Posted: Wed Apr 04, 2012 8:52 am
I can tell you that is the last 5+ years of hiring talent at Learfield Sports I have dealt with 1 agent TOTAL. That one agent was a family friend of the hire and was just helping with the contract language. I think it's important to have someone you trust look at a contract before you sign it to make sure you agree and understand everything but as far as getting the job in the college world I would say PASS. Keep that 10% in your pocket.
Posted: Wed May 23, 2012 2:49 pm
Well.....good luck with that!
Posted: Wed Jul 11, 2012 9:04 pm
Why get an agent when you get the Real Deal with Jon Chelesnik?
Posted: Tue Feb 26, 2013 1:47 pm
Found this ARTICLE
on how Des Moines, Iowa TV broadcaster Chris Hassel got his gig at ESPN and how his new agent played a part. Good stuff.
Key quote from the Agency: We’ve found over time that strong writing is a big indicator for long-term success.”

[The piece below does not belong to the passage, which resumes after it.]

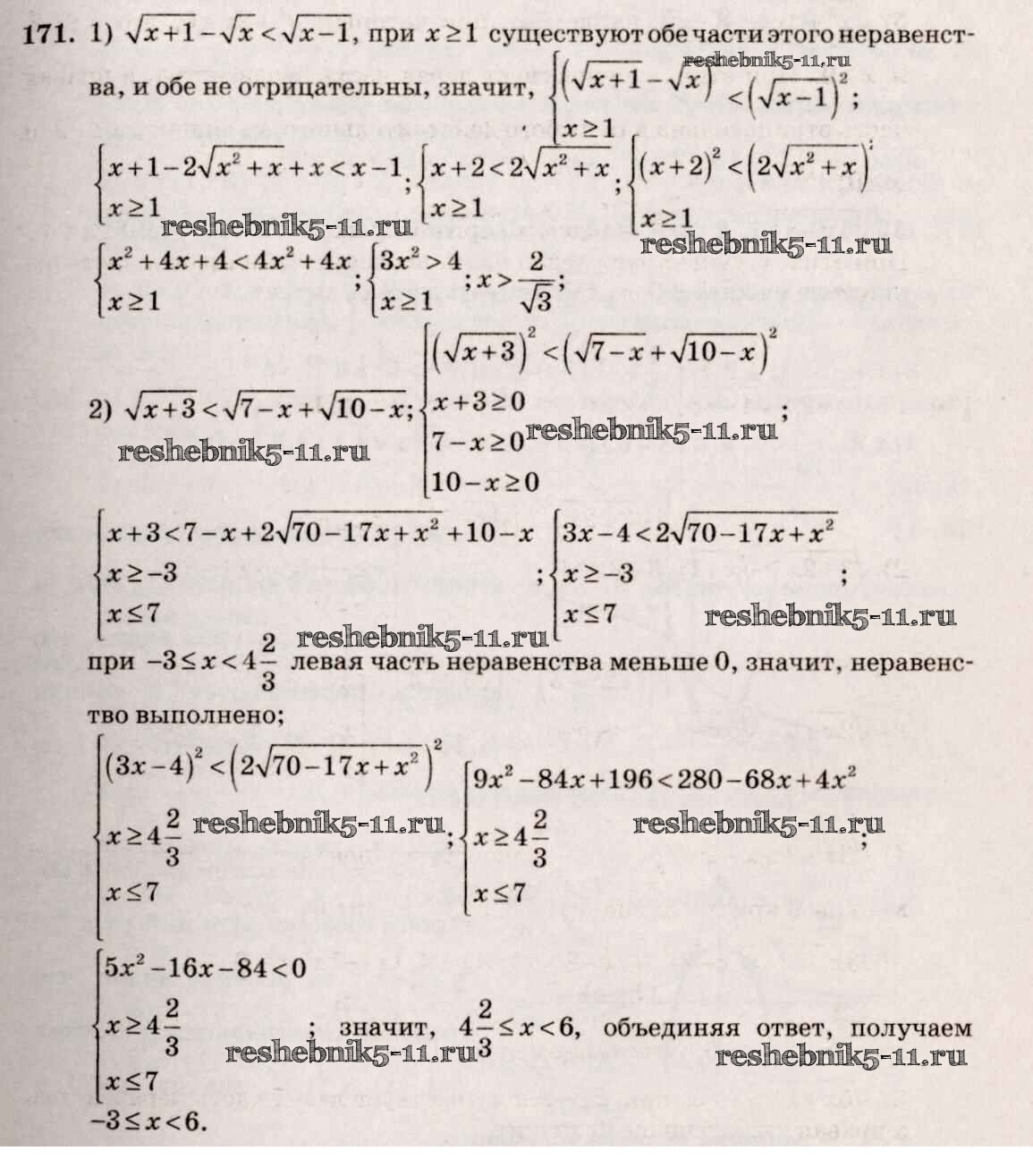 Готовая домашняя работа с ответами по Алгебре за 10, 11 класс Алимов, Ткачева, Колягин, Федорова, Шабунин Учебник Базовый и углубленный уровень Просвещение 2015 ФГОС - Упражнения 171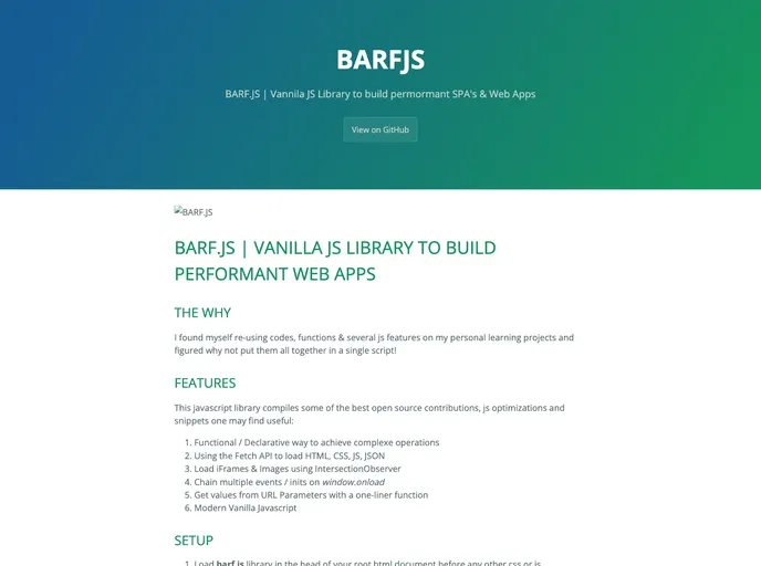 BARF.JS | Vannila JS Library to build permormant Web Apps

Posted: Fri Nov 20, 2015 4:53 pm
Looking for an agent for career improvement. Working for ESPN 3 at Louisville right now, but looking to expand my opportunities. Freshman in college. Please email with names to firstname.lastname@example.org
Posted: Thu Jul 07, 2016 7:14 am
SI's Richard Deitsch interviewed a couple of agents on his podcast. Great info about how agents find/choose clients, how agents work on behalf of clients, if you even need an agent, and industry salaries.
A worthwhile listen
Posted: Fri Nov 18, 2016 11:45 am
This fabulous advice was shared with me by a friend after he signed with an agency:
When people are signing with an agent for the first time, it's imperative to have a MEDIA lawyer look over the work agreement. I had so many changes to my agreement with [my agent]. because some of the stuff they put in there is just absurd. Their lawyer said they were happy I was so diligent. They said most clients just sign the contract and hand it back to them, which can lead to headaches down the road. People need to take the time to have a professional break everything down to them in these agreements, or they could be making a big mistake that will cost them more money down the road.